**What you are asked to do**
Retype, word for word, each line between the lines holding "ハロウィーンです。きっとこん" and "- 【Installation Steps】1.", inclusive, and leave the rest of the data alone.

**Data extracts**
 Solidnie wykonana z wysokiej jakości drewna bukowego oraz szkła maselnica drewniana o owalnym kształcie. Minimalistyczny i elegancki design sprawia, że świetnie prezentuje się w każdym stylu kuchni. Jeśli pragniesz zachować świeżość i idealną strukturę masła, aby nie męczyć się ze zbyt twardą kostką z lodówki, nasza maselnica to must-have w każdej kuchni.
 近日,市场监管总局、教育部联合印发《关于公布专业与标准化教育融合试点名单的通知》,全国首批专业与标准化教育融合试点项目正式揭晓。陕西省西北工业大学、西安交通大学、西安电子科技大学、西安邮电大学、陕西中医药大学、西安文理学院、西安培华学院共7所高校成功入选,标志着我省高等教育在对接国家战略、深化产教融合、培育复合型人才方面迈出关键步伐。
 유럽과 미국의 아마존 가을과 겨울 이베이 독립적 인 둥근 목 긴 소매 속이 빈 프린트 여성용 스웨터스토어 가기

==

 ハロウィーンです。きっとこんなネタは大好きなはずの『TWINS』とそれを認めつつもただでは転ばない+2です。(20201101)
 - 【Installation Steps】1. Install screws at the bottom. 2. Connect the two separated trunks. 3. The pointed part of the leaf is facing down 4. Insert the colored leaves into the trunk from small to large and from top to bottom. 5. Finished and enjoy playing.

==

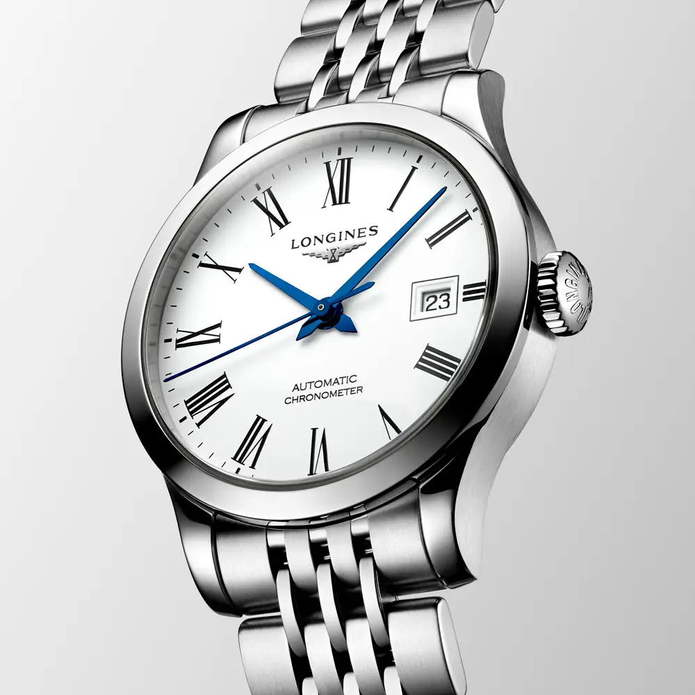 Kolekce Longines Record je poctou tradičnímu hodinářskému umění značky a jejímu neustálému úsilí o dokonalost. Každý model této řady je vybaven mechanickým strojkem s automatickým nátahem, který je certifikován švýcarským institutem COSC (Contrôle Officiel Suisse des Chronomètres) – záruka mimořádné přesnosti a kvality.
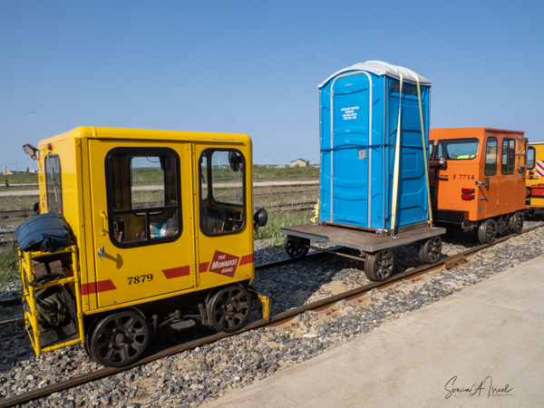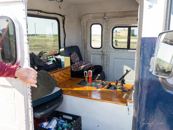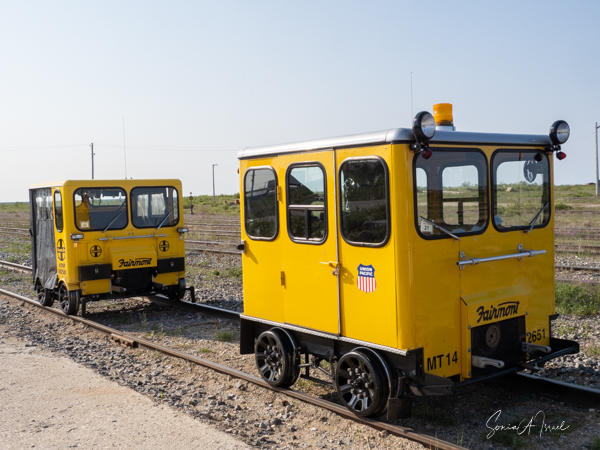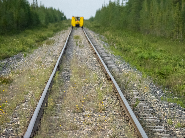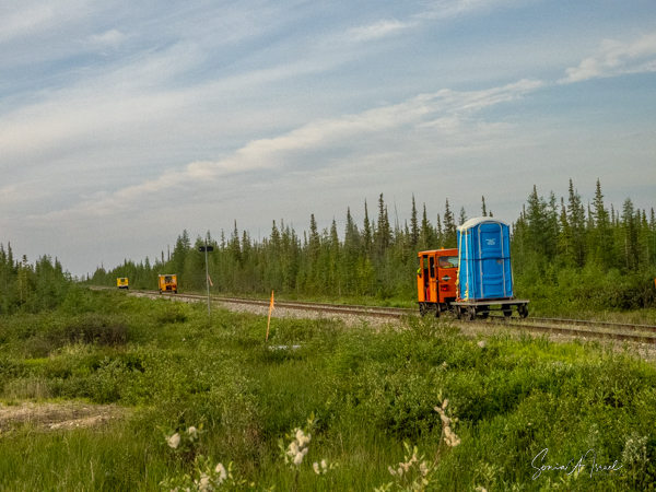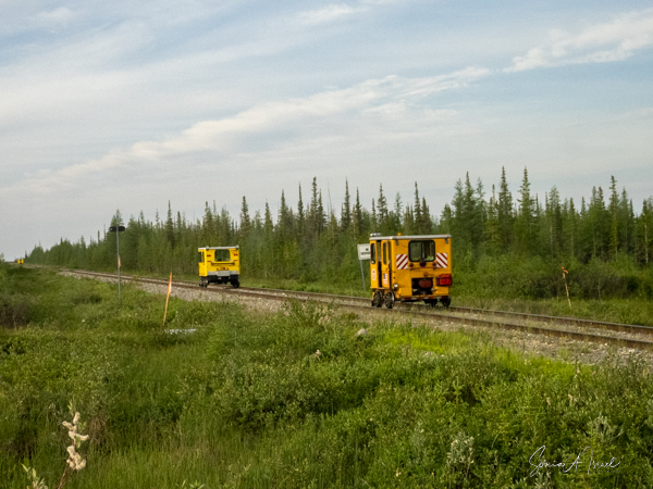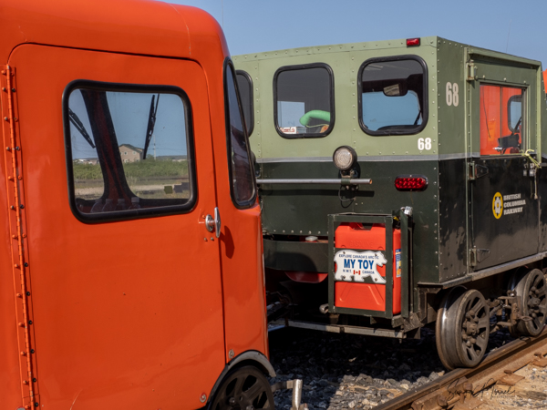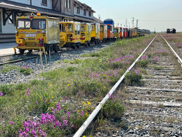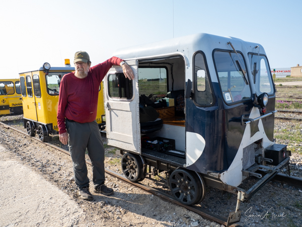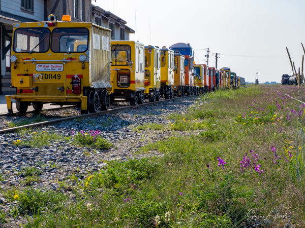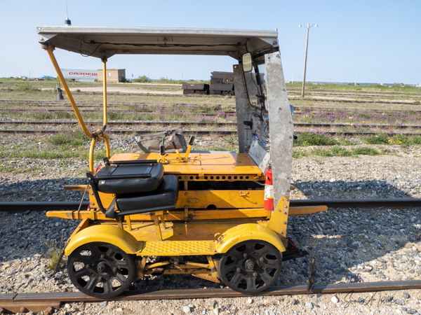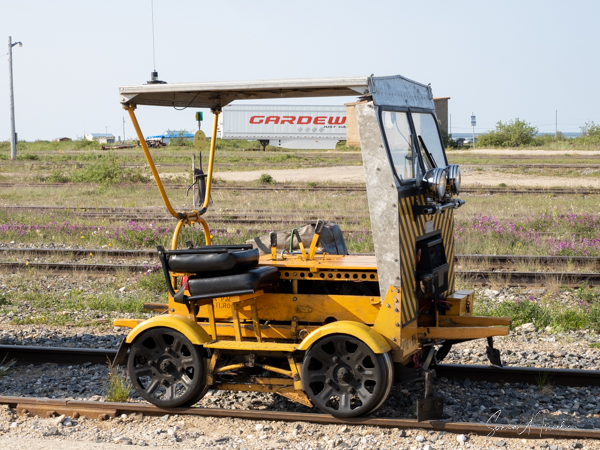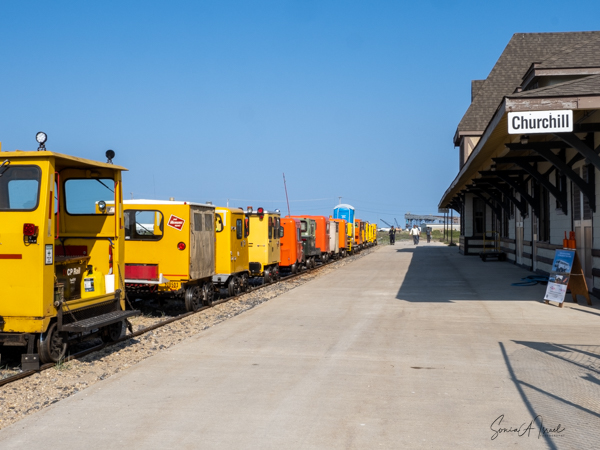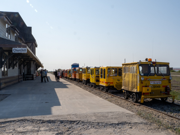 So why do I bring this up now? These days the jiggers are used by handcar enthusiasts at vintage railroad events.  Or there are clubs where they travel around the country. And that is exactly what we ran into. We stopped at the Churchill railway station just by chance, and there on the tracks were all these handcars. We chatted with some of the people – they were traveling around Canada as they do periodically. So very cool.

**Written answer**
 ハロウィーンです。きっとこんなネタは大好きなはずの『TWINS』とそれを認めつつもただでは転ばない+2です。(20201101)
 - 【Installation Steps】1. Install screws at the bottom. 2. Connect the two separated trunks. 3. The pointed part of the leaf is facing down 4. Insert the colored leaves into the trunk from small to large and from top to bottom. 5. Finished and enjoy playing.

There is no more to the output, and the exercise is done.